La déclaration des Samaritains est une parole qui doit nous marquer. Nous avons tous reçu le Seigneur par tradition, par la longue suite de nos pères dans la foi, les Pères de l’Eglise, nos pères dans l’Eglise, nos pères et mères dans nos familles. Nous avons reçu d’eux les éléments essentiels de la foi et, déjà par procuration au baptême, puis par fidélité, par obéissance et par confiance, nous avons cru et nous voulons aimer le Seigneur et Le rencontrer. Mais, entre notre vouloir et sa réalisation, il y a justement cette distance qui est le cheminement de l’âme humaine. C’est une quête parfois très longue, très douloureuse, dans laquelle nous frappons nous-même à la porte de notre propre cœur, à la recherche du Seigneur. Néanmoins, le Seigneur est là, Il accueille ce désir et le bénit. La rencontre, le moment de la rencontre peut venir tôt ou tard, il finit toujours par venir. Alors, à celui ou à ceux qui nous ont introduits dans l’Eglise, nous pouvons dire : « Ce n’est plus à cause de toi que nous croyons maintenant, mais nous L’avons entendu nous-mêmes et nous savons qu’Il est le Sauveur du monde. »

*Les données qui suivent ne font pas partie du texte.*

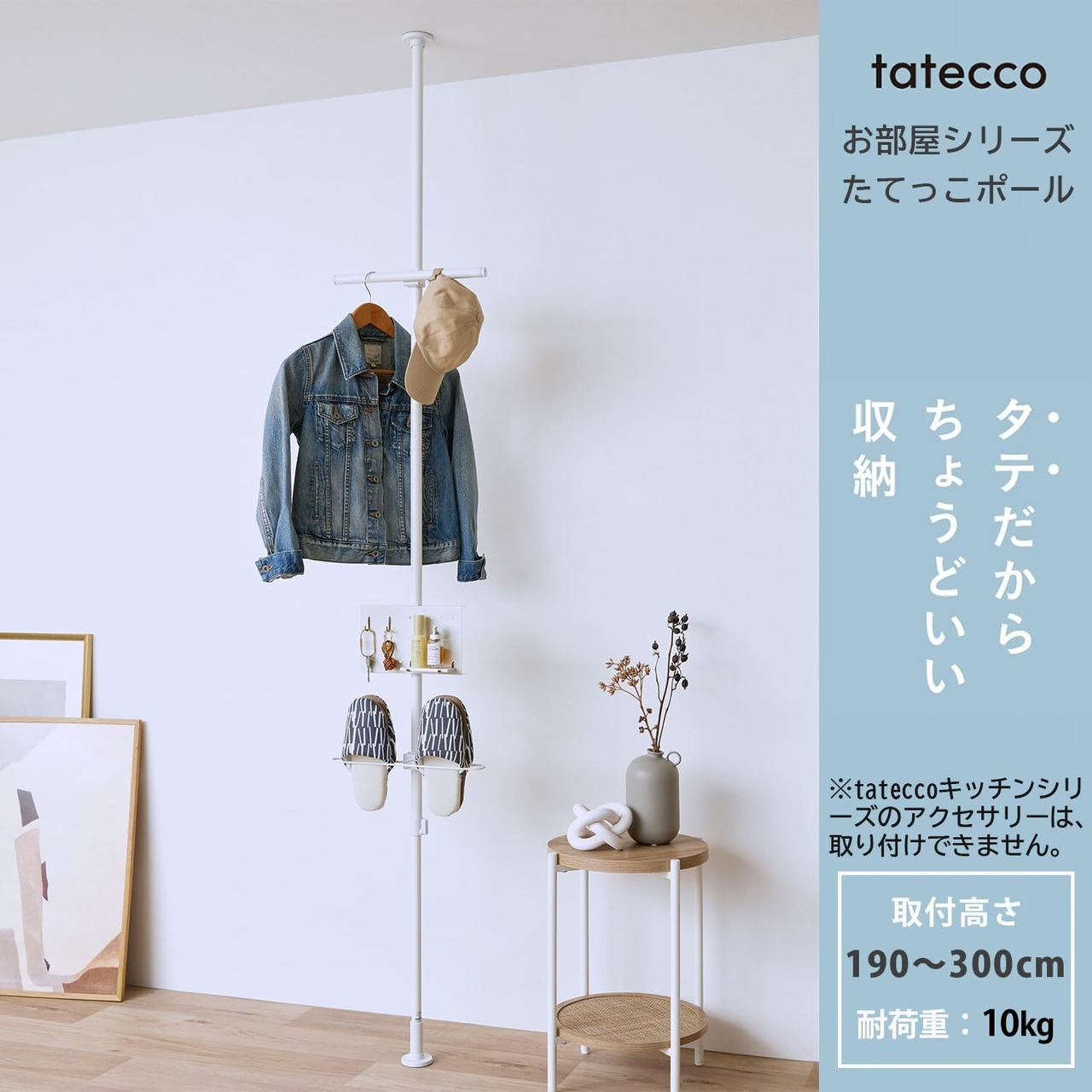 "タテだから1本で思いのまま” 1本のつっぱり棒で、リビングやお部屋、玄関にぴったりの収納スペースを作れるtateccoお部屋シリーズの縦つっぱり棒です。

Puissions-nous tous dépasser le moment de dépendance, dépendance bénie certes, dépendance heureuse et nécessaire, envers tous ceux qui dans le passé, le présent ou l’avenir, nous ont conduits ou nous conduisent vers le Christ. Puissions-nous atteindre le moment bienheureux de la rencontre personnelle et acquérir la certitude qui nous permette de dire : « Oui, nous croyons et nous savons qu’Il est le Sauveur du monde. » Amen.